Exercise » Word for word, repeat all the entries below, but without the pictures.

Task data »
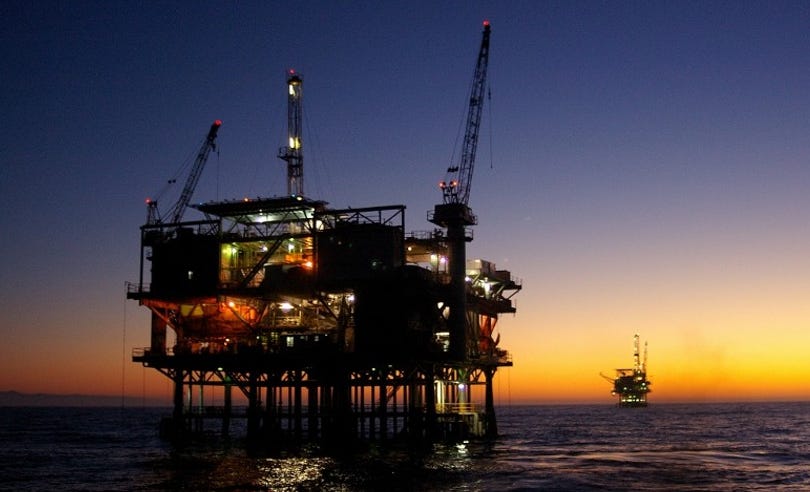 Platform Houchin offshore oil rig at sunset (BOEM photo). Energy companies face new opportunities as drilling restrictions are lifted.
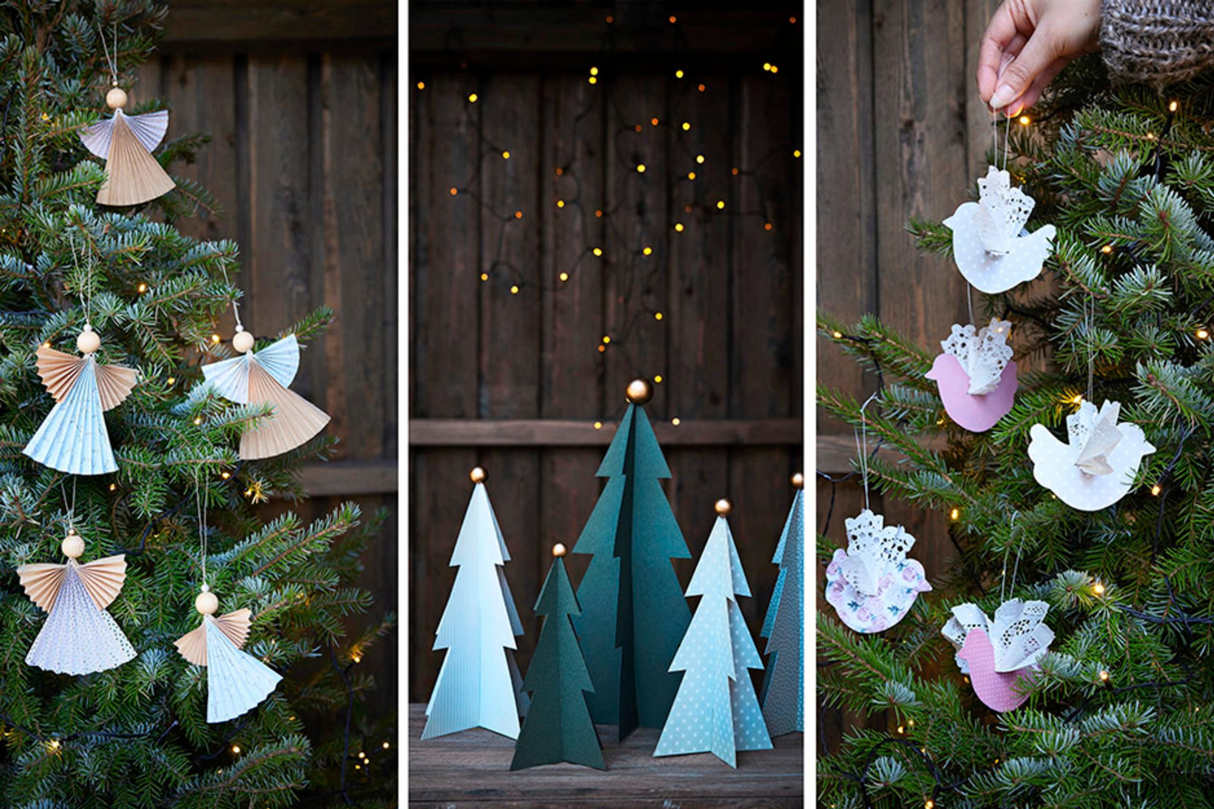 Taittele klassiset paperikokoristeet kuusenoksille. Moderni ilme syntyy raikkailla kuoseilla ja seesteisillä sävyillä.
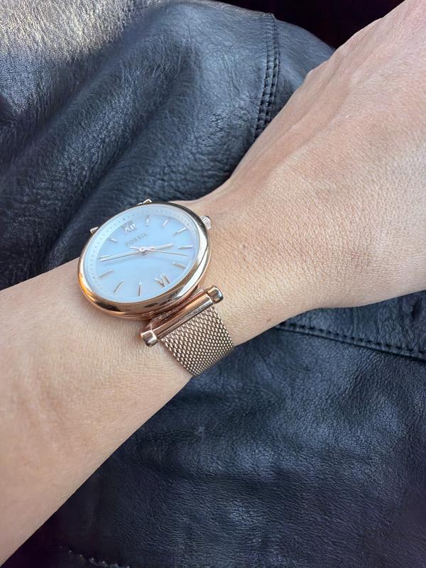 Gorgeous watch - perfect Valentine's day gift. Not too flashy, but perfectly classy and elegant. The mother of pearl face is subtle yet adds a lot of character, especially in the light. She loves that it goes with all her outfits.
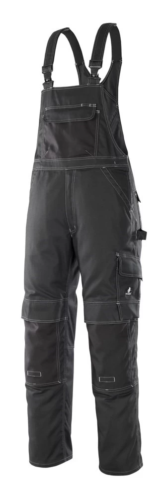 Drievoudig gestikte naden aan de broekspijpen en in het kruis. Verstelbare schouderbanden met korte sterke elastieken en kunststof gespen. Borstzak van cordura® met penhouder en klep met verborgen drukknopen. Binnenzak met klittenbandsluiting. Verstelbare tailleband. Ergonomisch gevormde broekspijpen. Voorzakken. Gulp met rits. Achterzakken met versterking, klep en klittenbandsluiting. Verstelbare hamerlus. Dijbeenzak met versterking en klep met klittenbandsluiting. Telefoonzak op de dijbeen met klep en verstelbare klittenbandsluiting. Duimstokzak van CORDURA®. Pennenzakje van CORDURA®. Verstelbare kniezakken van CORDURA® met klep en opening aan de bovenzijde. Contraststiksels. Reflectie-effecten.
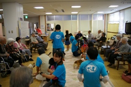 活動内容:最初に一発芸等をしながら自己紹介をした後、個々のご愛犬(猫)によるふれあいを中心に、最後に参加型のレトリーブの芸などを取り込み活動しました。(主に通所の対象者様中心)
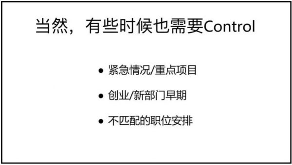 第二、创新业务和新部门的早期。如果一个部门新设立,或者一个新高管上任,还没有跟公司磨合好,这个时候需要Control。创新业务早期,需要更多支持配备资源的时候,也需要CEO的统一协调,主导进展。

Problem solution »
 Platform Houchin offshore oil rig at sunset (BOEM photo). Energy companies face new opportunities as drilling restrictions are lifted.
 Taittele klassiset paperikokoristeet kuusenoksille. Moderni ilme syntyy raikkailla kuoseilla ja seesteisillä sävyillä.
 Gorgeous watch - perfect Valentine's day gift. Not too flashy, but perfectly classy and elegant. The mother of pearl face is subtle yet adds a lot of character, especially in the light. She loves that it goes with all her outfits.
 Drievoudig gestikte naden aan de broekspijpen en in het kruis. Verstelbare schouderbanden met korte sterke elastieken en kunststof gespen. Borstzak van cordura® met penhouder en klep met verborgen drukknopen. Binnenzak met klittenbandsluiting. Verstelbare tailleband. Ergonomisch gevormde broekspijpen. Voorzakken. Gulp met rits. Achterzakken met versterking, klep en klittenbandsluiting. Verstelbare hamerlus. Dijbeenzak met versterking en klep met klittenbandsluiting. Telefoonzak op de dijbeen met klep en verstelbare klittenbandsluiting. Duimstokzak van CORDURA®. Pennenzakje van CORDURA®. Verstelbare kniezakken van CORDURA® met klep en opening aan de bovenzijde. Contraststiksels. Reflectie-effecten.
 活動内容:最初に一発芸等をしながら自己紹介をした後、個々のご愛犬(猫)によるふれあいを中心に、最後に参加型のレトリーブの芸などを取り込み活動しました。(主に通所の対象者様中心)
 第二、创新业务和新部门的早期。如果一个部门新设立,或者一个新高管上任,还没有跟公司磨合好,这个时候需要Control。创新业务早期,需要更多支持配备资源的时候,也需要CEO的统一协调,主导进展。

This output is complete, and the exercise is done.